Modeling aspects of food processing can contribute for the improvement of the food industry. However, there is a necessity of mathematical modeling in the food processing operations to achieve sustainable processing industry. Baking is a decisive stage in the production of bakery products, in general—muffins, in particular—for most of the quality attributes of the final products depend on it [16]. The authors just cited established the kinetics of muffin crust color development during baking in order to evaluate the feasibility of this kinetic model to predict the baking times.

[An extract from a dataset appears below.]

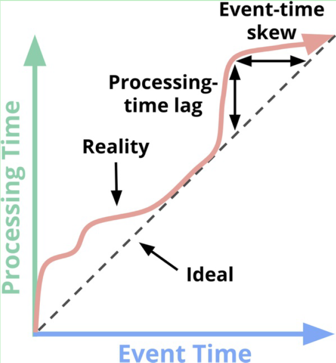 该图中的45°虚线刻画的是理想状态,即Event Time等于Processing Time,而粉色的曲线表征的是真实情况,即Processing Time落后于Event Time,而且落后的程度(Lag)不断变化,毫无规律。

To investigate the structural changes taking place in different muffin batters during heating in the oven, the linear viscoelastic properties can be studied during non-isothermal heating (temperature sweep), trying to simulate the batter’s behavior in the oven [13,14,17,18]. Both rheology and differential scanning calorimetry (DSC) provide information at physical and macroscopic levels indicating changes associated with gelatinization or denaturation processes [19]. However, sometimes DSC measurement is not able to detect gelatinization temperature by providing required endothermic curve [20]. On the other hand, rheometric measurement (small amplitude oscillatory shear (SAOS) measurement) has been found to be more precise to detect gelatinization temperature during non-isothermal heating than DSC, providing more authentic information on gelatinization and also reaction kinetics of gelatinization process [20,21,22].

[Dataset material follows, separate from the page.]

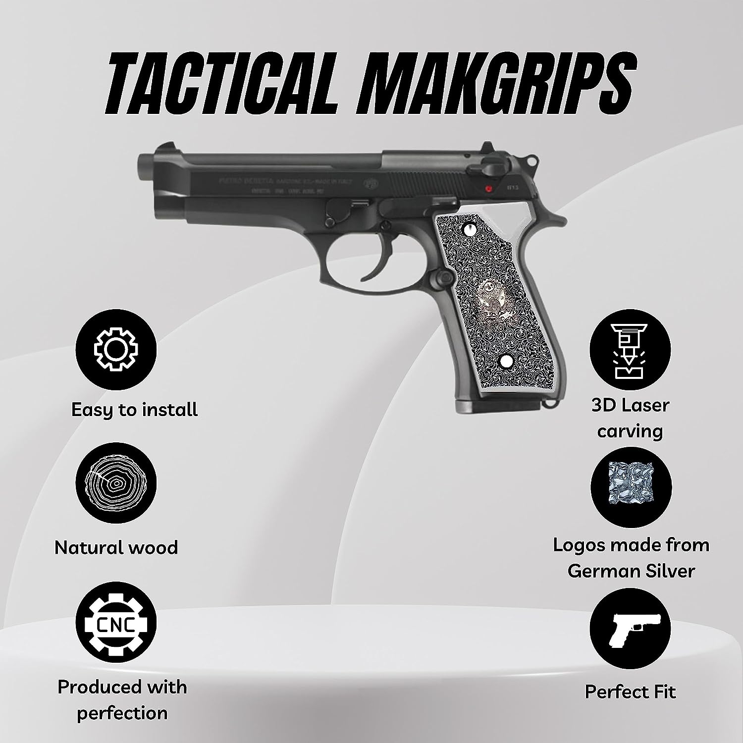 Beretta 92F 92 F 92FS 92 FS 92A1 92 A1 96 98 M9 M9A1 And Girsan Regard MC Silver Metal Grips

The reaction kinetics in food systems have commonly been studied under isothermal heating conditions. However, the isothermal process has some practical limitations, especially when dealing with samples that are difficult to heat instantaneously to testing temperatures [22]. Some studies have been published for different food systems on these kinetic approaches under non-isothermal conditions [20,21,22,23,24,25], which allows parameter estimation from a single experiment where temperature is varied over the range of interest, and samples are taken at various intervals. Therefore, it would be interesting to study the influence of non-isothermal heating on muffin batter rheology. Such studies with SAOS measurement techniques in the linear viscoelastic range would provide a broader insight to the gelatinization kinetics. The order of reaction (n) and the energy required to achieve gelatinization (activation energy, Ea) can be calculated from thermorheological data. These studies could provide a good insight into gelatinization and gelling mechanisms of muffin batters, as well as useful data for potential replacement of WF with CF in gluten-free muffin formulation.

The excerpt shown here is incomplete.